When Neymar completes a €90 million ($98.2m) move to Saudi Arabia by leaving Paris Saint-Germain for Al Hilal, it will be billed as one of the biggest, most audacious transfers of the summer. But, in reality, it would not even be the biggest deal of the week. Rather, it’s just another example of a big-name player signalling the end of his career at the top level.
The biggest deal of the week is Harry Kane‘s €100m move from Tottenham to Bayern Munich and it has nothing to do with the fee, which has now been eclipsed by Moisés Caicedo‘s €133m switch from Brighton to Chelsea.
Kane’s transfer is all about ambition, both on the part of the player and his new club. The 30-year-old is desperate to win major trophies after failing to collect a single piece of silverware during his entire career at Spurs – he made his senior debut for the club in 2011 — while Bayern are aiming to consolidate their position as Germany’s dominant force and recapture the Champions League title again.
The England captain could have gone to Saudi Arabia and follow many other 30+ stars who have chosen to try something new, including Jordan Henderson, Sadio Mané, Karim Benzema and, of course, Cristiano Ronaldo, and earn huge salaries at the same time, by helping the Saudi Pro League (SPL) grow at a rapid pace. But he chose a different path, perhaps because he has unfinished business in terms of winning.
The majority of the other players headed for Saudi have done so with ambitions already sated many times over. All of those mentioned above have won Champions League, some multiple times, and countless domestic honours.

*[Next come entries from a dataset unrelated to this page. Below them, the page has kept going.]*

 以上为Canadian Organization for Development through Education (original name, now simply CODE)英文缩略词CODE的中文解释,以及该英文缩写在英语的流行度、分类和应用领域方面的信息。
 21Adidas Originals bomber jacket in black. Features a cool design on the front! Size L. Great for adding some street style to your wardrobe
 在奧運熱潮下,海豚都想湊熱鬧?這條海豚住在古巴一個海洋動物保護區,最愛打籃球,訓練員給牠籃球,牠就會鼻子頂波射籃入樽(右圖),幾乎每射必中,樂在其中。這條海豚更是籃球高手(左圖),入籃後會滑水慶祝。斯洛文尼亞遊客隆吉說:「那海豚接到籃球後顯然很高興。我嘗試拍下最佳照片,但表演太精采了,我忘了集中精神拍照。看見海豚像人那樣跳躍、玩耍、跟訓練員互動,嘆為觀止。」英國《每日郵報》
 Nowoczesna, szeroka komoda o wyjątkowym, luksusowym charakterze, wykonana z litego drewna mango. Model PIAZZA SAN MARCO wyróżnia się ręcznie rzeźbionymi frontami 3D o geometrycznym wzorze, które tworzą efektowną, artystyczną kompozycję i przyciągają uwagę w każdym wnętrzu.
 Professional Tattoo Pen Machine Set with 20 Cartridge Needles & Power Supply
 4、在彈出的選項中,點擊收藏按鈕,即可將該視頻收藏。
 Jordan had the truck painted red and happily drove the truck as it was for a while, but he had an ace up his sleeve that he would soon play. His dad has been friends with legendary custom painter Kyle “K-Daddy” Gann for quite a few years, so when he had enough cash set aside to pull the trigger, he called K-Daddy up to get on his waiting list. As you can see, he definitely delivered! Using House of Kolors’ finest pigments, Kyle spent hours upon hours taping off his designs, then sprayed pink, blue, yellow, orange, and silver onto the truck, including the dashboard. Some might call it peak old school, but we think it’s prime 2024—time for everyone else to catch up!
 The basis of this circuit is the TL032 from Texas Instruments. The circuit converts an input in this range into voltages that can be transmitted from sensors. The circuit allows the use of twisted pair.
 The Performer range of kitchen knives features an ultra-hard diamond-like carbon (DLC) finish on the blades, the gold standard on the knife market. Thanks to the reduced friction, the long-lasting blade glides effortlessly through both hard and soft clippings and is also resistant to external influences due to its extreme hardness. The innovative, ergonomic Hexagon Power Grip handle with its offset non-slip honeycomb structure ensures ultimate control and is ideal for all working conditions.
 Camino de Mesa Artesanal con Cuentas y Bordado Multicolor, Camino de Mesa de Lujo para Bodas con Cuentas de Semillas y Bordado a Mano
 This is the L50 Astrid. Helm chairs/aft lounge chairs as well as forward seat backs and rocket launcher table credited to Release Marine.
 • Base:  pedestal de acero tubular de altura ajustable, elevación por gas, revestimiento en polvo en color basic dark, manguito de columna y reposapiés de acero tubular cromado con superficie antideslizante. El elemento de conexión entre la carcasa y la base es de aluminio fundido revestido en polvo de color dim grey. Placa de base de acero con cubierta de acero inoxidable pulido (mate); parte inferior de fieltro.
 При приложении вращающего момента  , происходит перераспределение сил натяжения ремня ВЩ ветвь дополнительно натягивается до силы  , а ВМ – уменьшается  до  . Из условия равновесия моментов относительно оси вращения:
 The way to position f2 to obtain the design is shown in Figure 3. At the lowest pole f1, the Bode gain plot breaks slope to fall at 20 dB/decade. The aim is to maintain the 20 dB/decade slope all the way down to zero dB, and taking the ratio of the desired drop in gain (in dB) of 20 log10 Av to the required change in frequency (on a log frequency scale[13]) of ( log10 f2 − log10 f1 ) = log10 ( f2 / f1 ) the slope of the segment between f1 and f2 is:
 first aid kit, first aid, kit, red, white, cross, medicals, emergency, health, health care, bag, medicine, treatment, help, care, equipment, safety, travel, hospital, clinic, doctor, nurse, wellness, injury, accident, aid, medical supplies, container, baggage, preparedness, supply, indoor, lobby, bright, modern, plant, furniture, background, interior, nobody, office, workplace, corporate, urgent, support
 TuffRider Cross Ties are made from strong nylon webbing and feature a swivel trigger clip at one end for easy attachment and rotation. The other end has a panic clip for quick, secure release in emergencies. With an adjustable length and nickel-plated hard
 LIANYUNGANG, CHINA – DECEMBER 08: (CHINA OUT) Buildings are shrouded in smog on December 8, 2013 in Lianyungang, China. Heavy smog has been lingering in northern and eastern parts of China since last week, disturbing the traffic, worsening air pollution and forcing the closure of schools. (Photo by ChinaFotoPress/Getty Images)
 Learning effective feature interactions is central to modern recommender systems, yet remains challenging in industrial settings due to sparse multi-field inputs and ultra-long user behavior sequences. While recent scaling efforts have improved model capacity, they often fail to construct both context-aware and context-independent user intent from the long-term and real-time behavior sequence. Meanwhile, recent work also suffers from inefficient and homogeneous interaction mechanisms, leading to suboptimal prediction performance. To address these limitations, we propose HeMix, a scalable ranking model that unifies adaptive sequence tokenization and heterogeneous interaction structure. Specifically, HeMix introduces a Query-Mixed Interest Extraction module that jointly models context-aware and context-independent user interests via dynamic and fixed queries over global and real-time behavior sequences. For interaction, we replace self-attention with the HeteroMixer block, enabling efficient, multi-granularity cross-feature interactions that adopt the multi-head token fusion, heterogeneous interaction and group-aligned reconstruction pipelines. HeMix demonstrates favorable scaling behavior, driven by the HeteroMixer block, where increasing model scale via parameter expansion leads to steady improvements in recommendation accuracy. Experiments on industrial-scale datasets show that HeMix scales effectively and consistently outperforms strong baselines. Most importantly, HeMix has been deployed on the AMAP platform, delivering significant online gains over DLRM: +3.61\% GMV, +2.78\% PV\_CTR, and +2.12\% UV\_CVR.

Kane has made it clear his move to Bayern is motivated by a desire to win trophies and have no regrets. The others have nothing else to win, and that includes Neymar, whose trophy cabinet was well-stocked before he left Barcelona for PSG in 2017.
The two players are only a year apart in age, but Bayern never showed an interest in Neymar, a supremely-talented player, but one with an increasing number of injuries. Neymar’s peak came early, but Kane is still at his peak and maybe even still have more levels to climb.
While the 31-year-old Neymar signing for Al Hilal on wages worth a reported €120m-a-year will undoubtedly grab headlines and focus an even brighter spotlight on the SPL, it is a transfer that no major European club wanted to do themselves. Neymar’s availability has been known all summer, but no major club was prepared to invest in a player with a chequered record of fitness and focus, as well as a huge pay packet.
This is the key factor why the Saudi league remains a long way from being a threat to Europe. Right now, the money is actually helping solve countless problems for major European clubs and, according to Transfermarkt, it is now a higher value league than the Scottish Premiership.
In fact, this summer’s transfer frenzy works for everyone: Saudi Arabia, players, clubs looking to offload high-earners, and, of course, the agents taking a cut of every deal they help drive through.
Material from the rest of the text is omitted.